Primatların intogenezinde, uzuvların vücuda göre iki ana uzama dönemi gözlenir: uterus döneminin ortasında, ön bacaklar özellikle uzatıldığında ve doğumdan hemen sonra, arka bacaklar en çok uzadığında.

Bu, bir kişinin neden nispeten uzun kollu ve kısa bacaklı doğduğunu ve uzuvlarının oranları açısından fetüsünün neden antropomorfik bir maymuna benzediğini açıklıyor. Antropomorfik maymunların karakteristik uzun kolluklarını uzuv uzamasının ilk döneminde kazandıkları ve bu dönemin büyüme gradyan karakteristiğini arttırdıkları ortaya çıktı; kişi doğumdan sonra özellikle uzun bacaklı hale gelir. Dahası, tüm primatlarda (olağanüstü uzun kolları olan şebekler hariç) doğum sonrası büyüme döneminde intermembral indeks azalır: maymunda - 121'den 106'ya, şempanzelerde - 146'dan 136'ya, insanlarda - 104'ten 106'ya 88.

Bu gerçek, diğer bazılarıyla birlikte Ya.Ya'yı da beraberinde getirdi. Roginsky, belirli bir hayvan türünün vücut oranlarının, bu türün ait olduğu büyük grubun karakteristik büyüme gradyanlarını güçlendirerek veya zayıflatarak değiştiği önermesinin formülasyonuna dayanmaktadır. Bu kural diğer burçlardaki değişiklikler için de geçerlidir.

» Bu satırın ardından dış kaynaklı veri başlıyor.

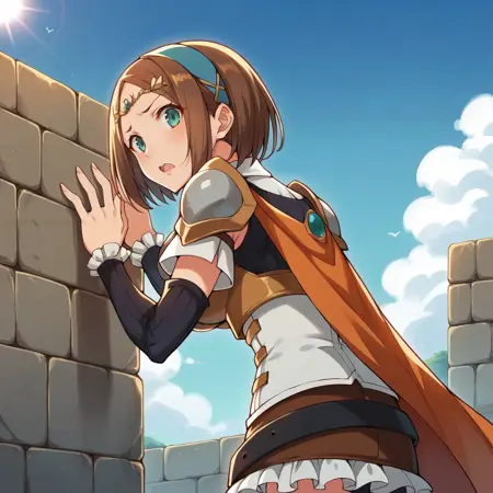 armor、 shoulder armor、 black belt、 gold trim、 knee pads、 white thighhighs、 bare shoulders、 orange cape、 short sleeves、 pleated sleeves、 detached sleeves、 sleeveless shirt、 collared shirt、 white shirt、 black shirt、 red shirt、 multicolored shirt、 yellow necktie、 cleavage cutout、 chestplate、 white corset、 jewelry、 frilled skirt、 black shorts、 brown skirt、 black arm warmers、
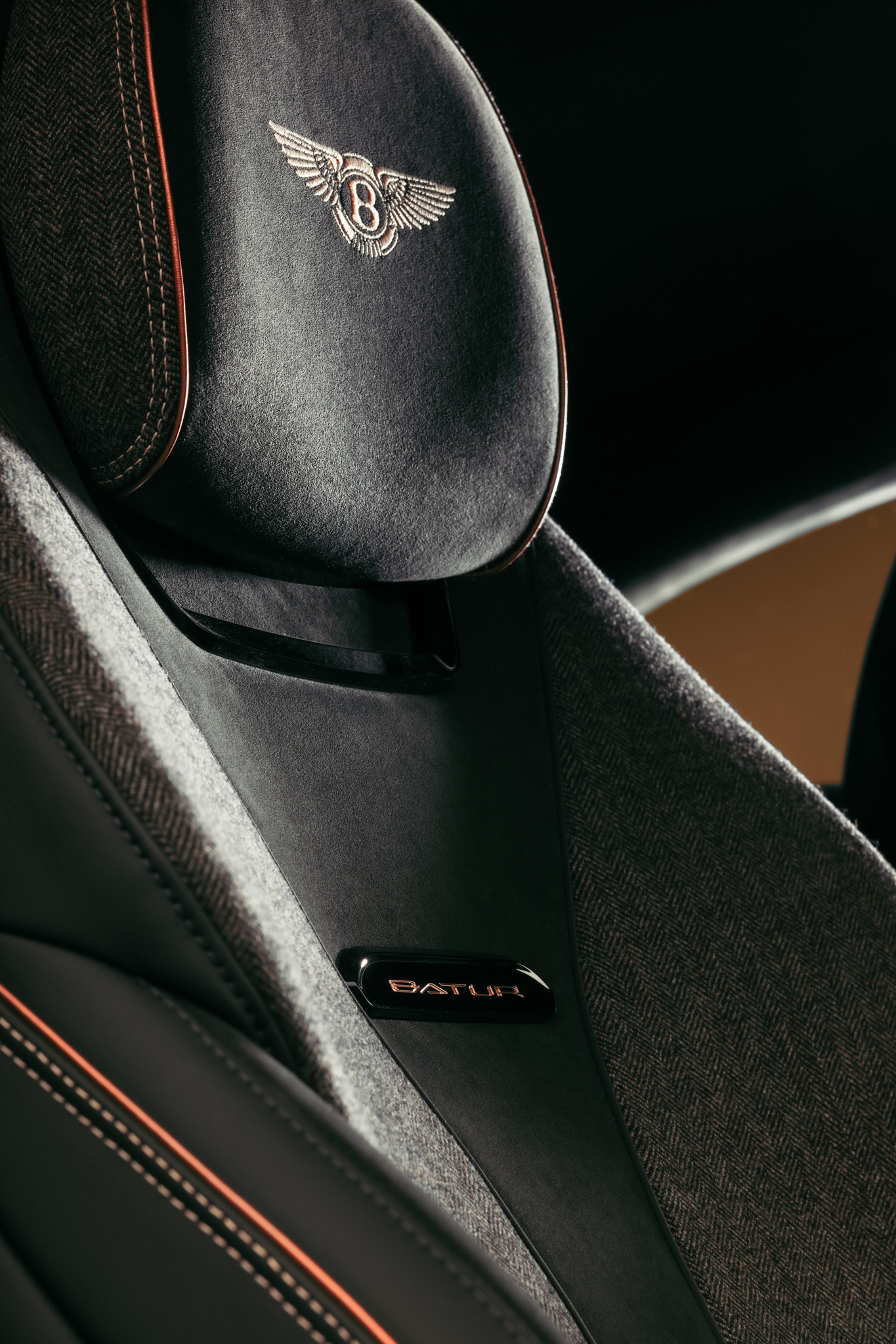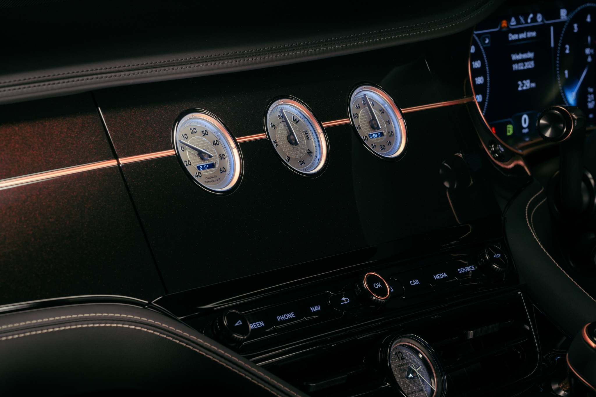 ห้องโดยสารก็หรูหราจัดเต็ม บรรยากาศสอดรับกับภายนอก แผงคอนโซลหน้าใช้สีเมทัลลิก Black Rose เบาะนั่งหุ้มหนังสีดำ Beluga สลับกับผ้าทวีดสีเทา charcoal grey และหนึ่งในจุดเด่นคือการใช้ทองคำ Rose Gold 18 กะรัตที่พิมพ์ 3 มิติ เป็นครั้งแรกของ Bentley โดยจะนำมาตกแต่งในจุดต่างๆ เช่น ปุ่มทรงกลมเลือกโหมดการขับขี่ และก้านเปิด-ปิดช่องแอร์ organ stop พวงมาลัยยังสอดแทรกด้วยสี Rose Gold บ่งบอกถึงรายละเอียดที่ยอดเยี่ยม
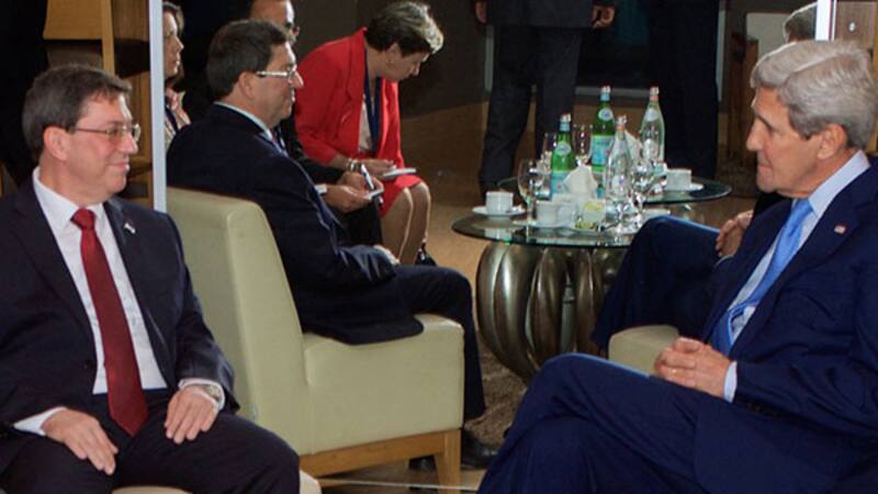 El Secretario de Estado norteamericano, John Kerry, y el canciller cubano, Bruno Rodríguez, se reunieron en el marco de la Cumbre de las Américas en Panamá en la que fue la reunión de mayor nivel entre ambas partes desde los primeros días de la Revolución Cubana, hace más de medio siglo.
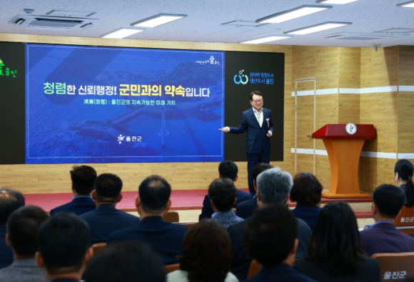 울진군은 5월 1일 군청 대회의실에서 국·실과 소장 및 읍·면장, 팀장들을 대상으로 청렴한 공직문화 조성을 위해 기관장이 직접 전하는 청렴 리더십 특강을 개최했다. 이번 특강은 조직 내 청렴 의식 제고와 공직자로서의 책임감을 고취하기 위한 자율적 청렴 교육의 일환으로 기관장이 직접 강단에 올라 공직자들과 청렴에 대한 생각을 공유하고 조직의 청렴 의지를 함께 다짐하고자 마련되었다. 이날 손 군수는 △청탁금지법, △이해충돌방지법, △공공재정환수법, △공익신고자 보호법 등 공직자가 준수해야 할 부패방지 법령을 사례 중심으로 설명하면서, 청렴 의미와 중요성, 관리자들의 청렴 리더십 발휘, 청렴도 향상을 위한 역할과 책임 등 목민관이 갖추어야 할 청렴 의식을 일깨우는 시간을 가졌다. 군에서는 앞으로 기관의 청렴 의지를 대내외에 전파하기 위하여 외부 계약 업체 등을 대상으로 청렴 서한문 발송, 부패취약분야 개선을 위한 청렴 회의체를 운영하는 등 다양한 시책을 통해 기관장을 포함한 전 직원이 함께 실천하는 청렴문화 확산을 위해 노력해 나갈 계획이다. 손병복 울진군수는 “공직자의 청렴은 국민과의 신뢰를 잇는 가장 기본적인 약속이며, 선택이 아닌 우리가 반드시 지켜야 할 기본가치”라면서“청렴 문화 확산 및 부패 방지를 위해 모두가 적극 노력함으로써 청렴하고 신뢰받는 울진군을 만들어 가자”라고 강조했다.
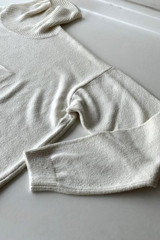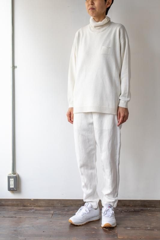 素材 絹100% カラー ホワイト サイズ 2 (ワンサイズ) 肩幅 52 身幅 61.5 着丈 63 袖丈47 ネック高さ13(cm) *サイズの多少の誤差はご了承くださいませ。 程よい厚みがあり、しなやかな肌触り。 素朴な風合いのシルクニットは、胸元の小さなポケットがアクセント。 落ち感がきれいなワイド幅ニットです。 シルクノイルという、天然素材のシルクを使用しております。 シルク特有の光沢感はあまりなく、太さを均一に仕上げていないざっくりとした素朴な風合いが特徴です。 シルク本来の保温・吸湿性をかね備えています。 ストンとしたボックスシルエット。 ホワイトは真っ白ではなく、ほんのり生成りがかった色になります。 ネック部分はゆったりとした作りです。 身長160cm コーディネイト ゴーシュ リネンコットンカルゼ テーパードパンツ(ホワイト) 素材の特性上、摩擦によって毛羽立ち、毛抜け、毛玉ができやすいですが、 風合いとしてお楽しみいただければと思います。 引っ掛けにご注意ください。 ※パソコンのモニター環境により、商品の色味が実物と異なって見える場合がございます。 予めご了承ください。
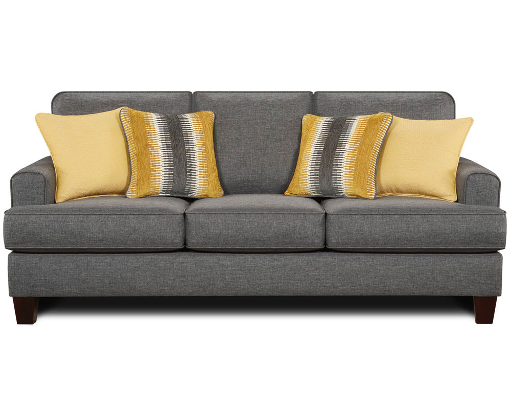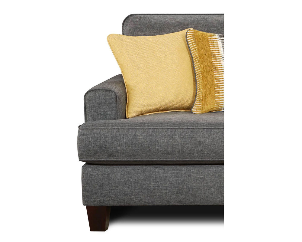 The Maxwell Gray Sofa is a beautiful, sophisticated transitional to traditional styled frame accented with 2 different contrasting accent pillows, rounded recessed arms, loose reversible box border t-cushions and inside back cushions. With them being reversible, you can rotate them to prolong the life of the fabric, as well as, the cushion cores. The coffee finish tapered wood legs only accent this best selling frame. The material is not only beautiful but also durable.
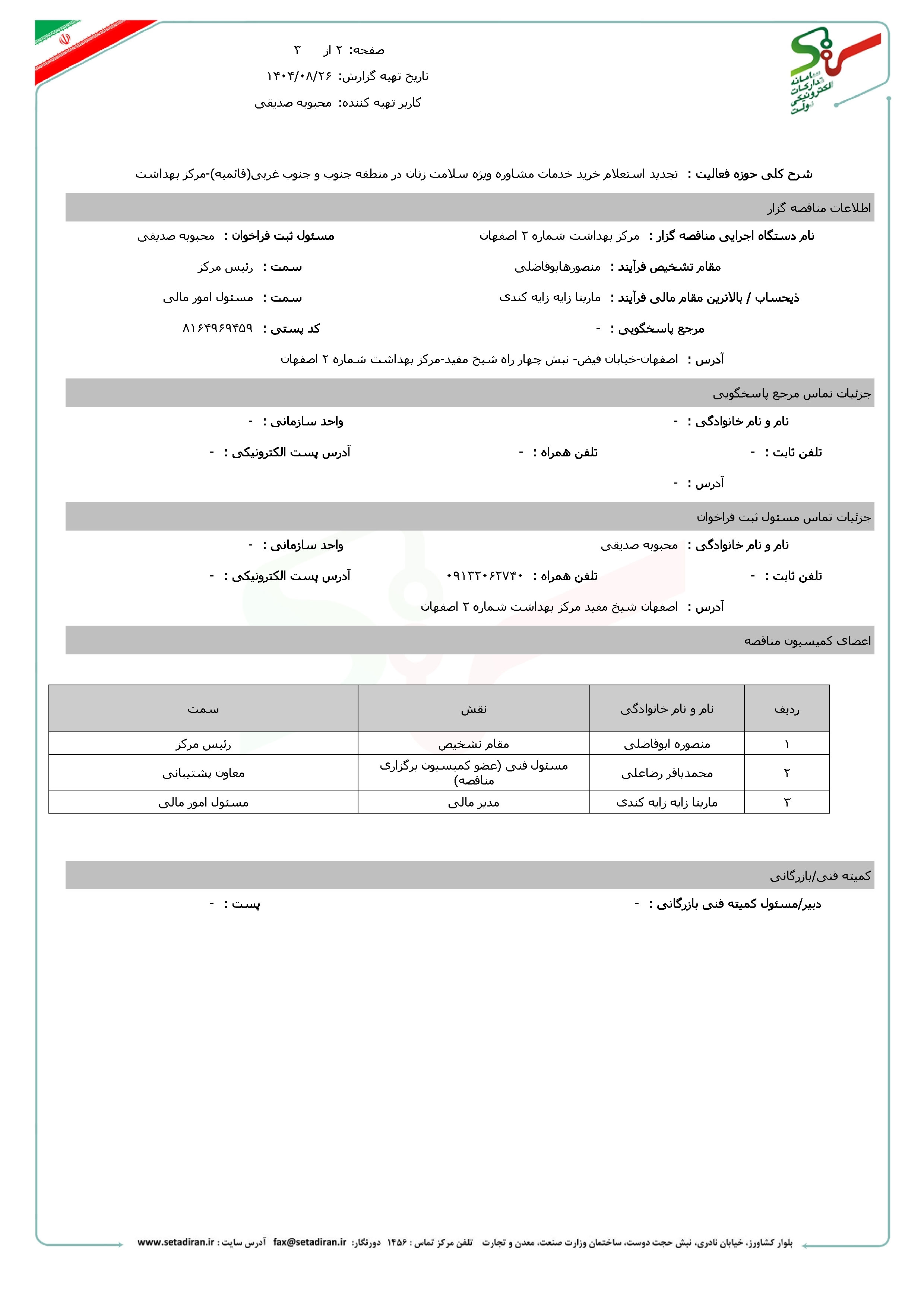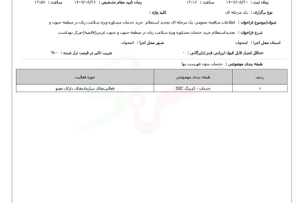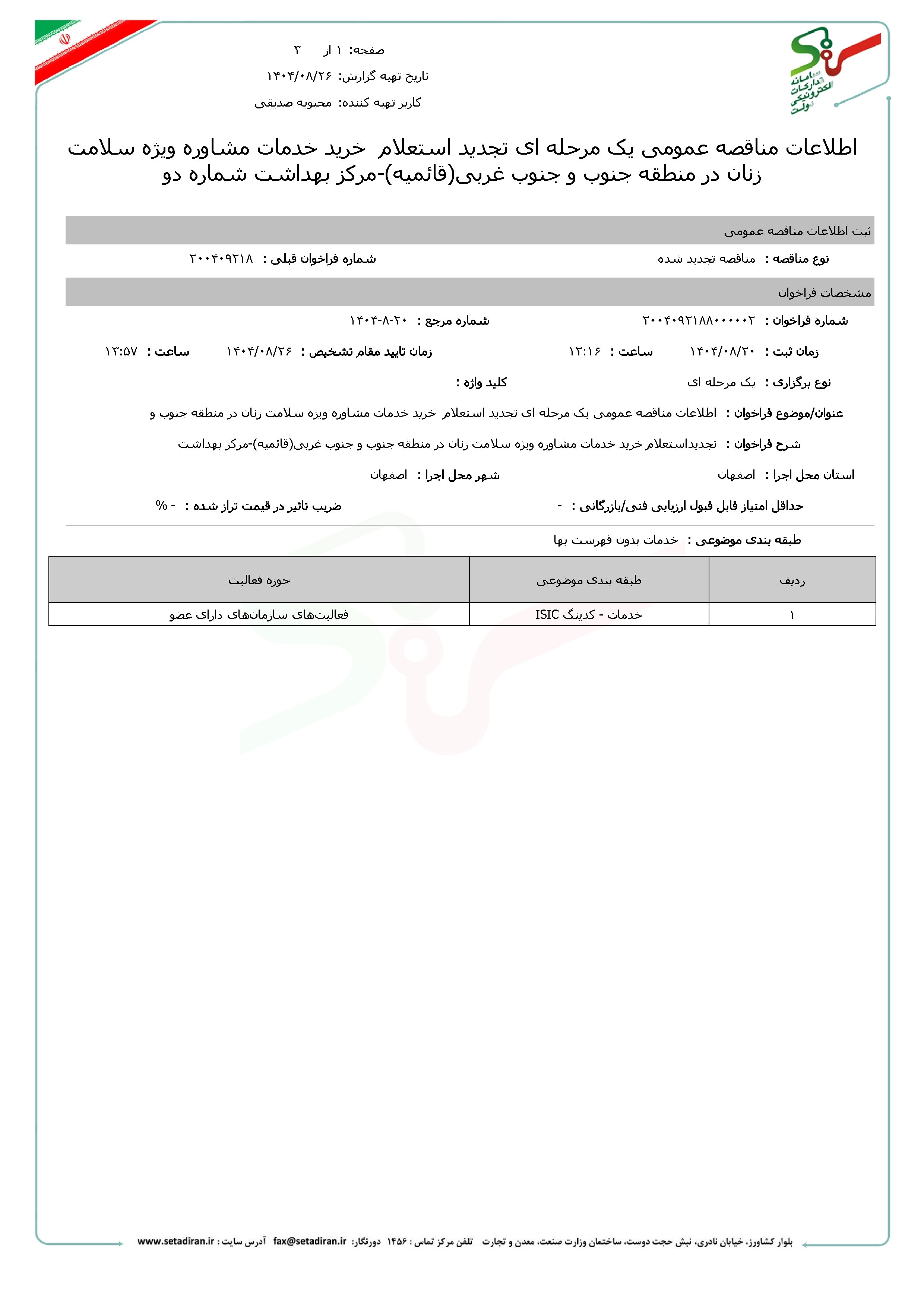 اطلاعات مناقصه عمومی یک مرحله ای تجدید استعلام خرید خدمات مشاوره ویژه سلامت زنان در منطقه جنوب و جنوب غربی(قائمیه)-مرکز بهداشت شماره دو اطلاعات مناقصه عمومی یک مرحله ای تجدید استعلام خرید خدمات مشاوره ویژه سلامت زنان در منطقه جنوب و جنوب غربی(قائمیه)-مرکز بهداشت شماره دو

Böylece tüm maymunlarda doğumdan hemen sonra beyin ağırlığında yoğun bir artış gözlenir. Bu dönemde, insanlarda özellikle yüksek beyin büyüme oranına bağlı olarak, insanlarla antropomorfik maymunlar arasında beyin kütlesinde keskin bir fark oluşur. Doğumdan sonra çiğneme işleviyle bağlantılı olarak yoğun bir şekilde çiğneme aparatı oluşur ve bu dönemde kafatasının yüz kısmının ifade derecesinde insanlarla maymunlar arasında bir fark gelişir.

Önemli farklılıklar, modern maymunların insanların doğrudan atası olamayacağı fikrine yol açmaktadır.



İnsanın benzersiz özellikleri Yaratılış tarihini doğruluyor; bunlar ona, yapabilme yeteneğinin bir parçası olarak verilmişti."Toprağın mülkiyeti ve hayvanlar üzerinde hakimiyet", yaratıcılık ve dünyayı değiştirmek ( Yaratılış 1:28 ). Bizi maymunlardan ayıran uçurumu yansıtıyorlar.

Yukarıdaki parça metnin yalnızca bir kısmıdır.